The ixg(4) driver stops receiving pkts after heavy network
traffic. This has been observed on some TNF machines and also
been reported by a developer.

This is just a place holder PR, so I can add it to the show stopper list.

>How-To-Repeat:
n/a

>Fix:
n/a

>Release-Note:

>Audit-Trail:
From: "SAITOH Masanobu" <msaitoh@netbsd.org>
To: gnats-bugs@gnats.NetBSD.org
Cc: 
Subject: PR/53294 CVS commit: src/sys/dev/pci/ixgbe
Date: Wed, 30 May 2018 08:35:27 +0000

 Module Name:	src
 Committed By:	msaitoh
 Date:		Wed May 30 08:35:27 UTC 2018

 Modified Files:
 	src/sys/dev/pci/ixgbe: ixgbe.c ixv.c

 Log Message:
  Clear que->disabled_count in {ixgbe,ixv}_init_locked().

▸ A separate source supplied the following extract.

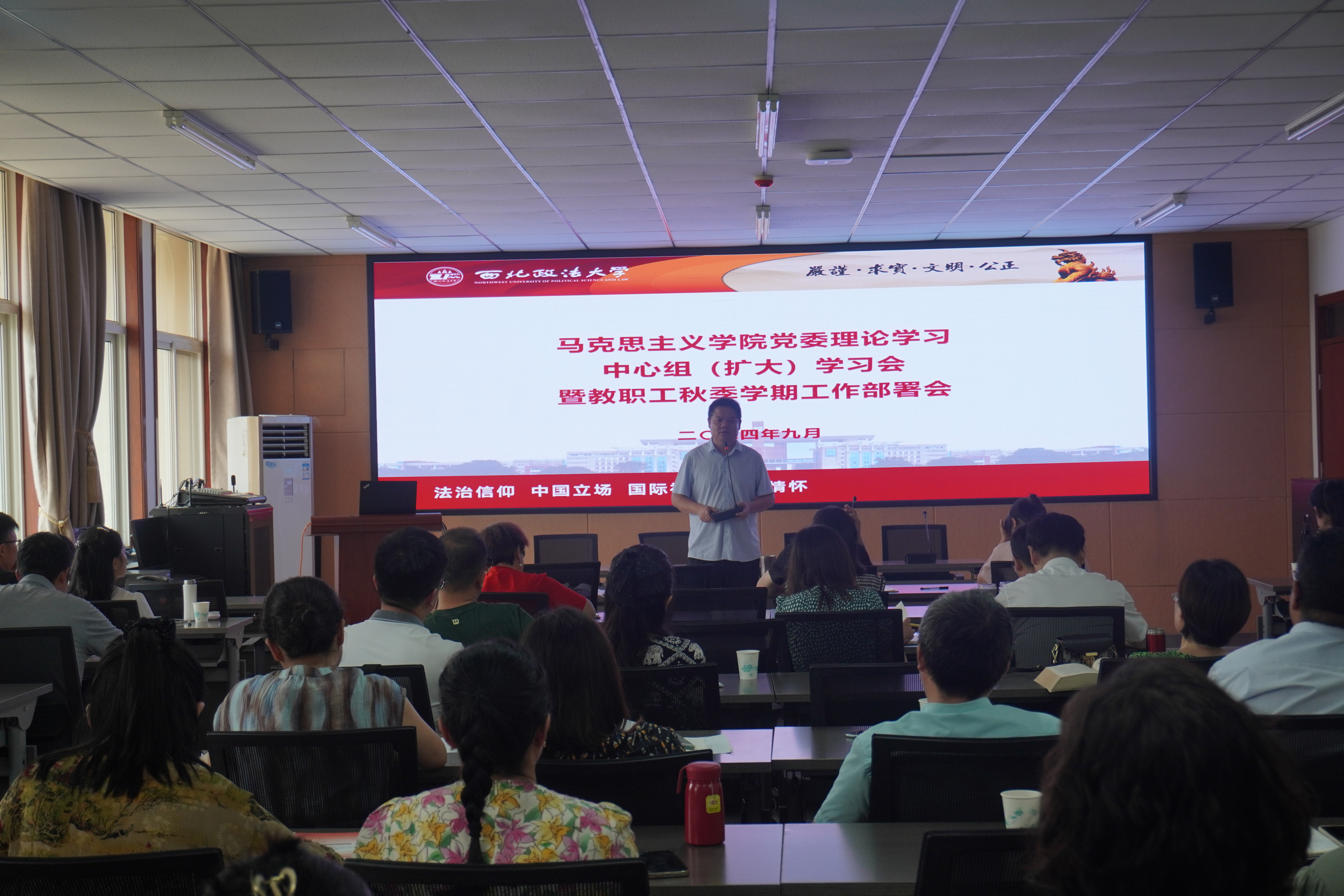 8月25日下午,足球直播88 在会议室召开党委理论学习中心组(扩大)学习会暨教职工秋季学期工作部署会,研讨学习党的二十届三中全会精神和全省学校思政课建设座谈会精神,总结上半年工作完成情况,全面部署新学期重点工作。足球直播88 全体教职工参加本次会议,会议由足球直播88 院长魏奇主持。

Without this,
 interrupt mask state and EIMS may mismatch and if_init doesn't recover
 from TX/RX stall problem.

  This change itself doesn't fix PR#53294.


 To generate a diff of this commit:
 cvs rdiff -u -r1.156 -r1.157 src/sys/dev/pci/ixgbe/ixgbe.c
 cvs rdiff -u -r1.101 -r1.102 src/sys/dev/pci/ixgbe/ixv.c

 Please note that diffs are not public domain; they are subject to the
 copyright notices on the relevant files.

Responsible-Changed-From-To: kern-bug-people->msaitoh
Responsible-Changed-By: msaitoh@NetBSD.org
Responsible-Changed-When: Mon, 04 Jun 2018 03:39:16 +0000
Responsible-Changed-Why:
mine.


State-Changed-From-To: open->feedback
State-Changed-By: msaitoh@NetBSD.org
State-Changed-When: Mon, 04 Jun 2018 03:39:16 +0000
State-Changed-Why:
This problem should be fixed in ixgbe.c rev. 1.160. Could you test this change on netbsd-8?


From: "Martin Husemann" <martin@netbsd.org>
To: gnats-bugs@gnats.NetBSD.org
Cc: 
Subject: PR/53294 CVS commit: [netbsd-8] src/sys/dev/pci/ixgbe
Date: Sat, 9 Jun 2018 14:59:43 +0000

 Module Name:	src
 Committed By:	martin
 Date:		Sat Jun  9 14:59:43 UTC 2018

 Modified Files:
 	src/sys/dev/pci/ixgbe [netbsd-8]: ix_txrx.c ixgbe.c ixgbe.h
 	    ixgbe_netbsd.c ixgbe_netbsd.h ixgbe_osdep.h ixv.c

 Log Message:
 Pull up following revision(s) (requested by msaitoh in ticket #864):

 	sys/dev/pci/ixgbe/ix_txrx.c			1.40-1.47 (patch)
 	sys/dev/pci/ixgbe/ixgbe.c			1.148,1.149,1.151,
 							1.152,1.154,
 							1.155,1.157-1.160 (patch)
 	sys/dev/pci/ixgbe/ixgbe.h			1.43,1.44,1.46,1.49 (patch)
 	sys/dev/pci/ixgbe/ixgbe_netbsd.c		1.7 (patch)
 	sys/dev/pci/ixgbe/ixgbe_netbsd.h		1.8 (patch)
 	sys/dev/pci/ixgbe/ixgbe_osdep.h			1.22 (patch)
 	sys/dev/pci/ixgbe/ixv.c				1.100-1.104 (patch)
 	sys/dev/pci/ixgbe/ixv.c				1.94,1.95,1.99 (patch)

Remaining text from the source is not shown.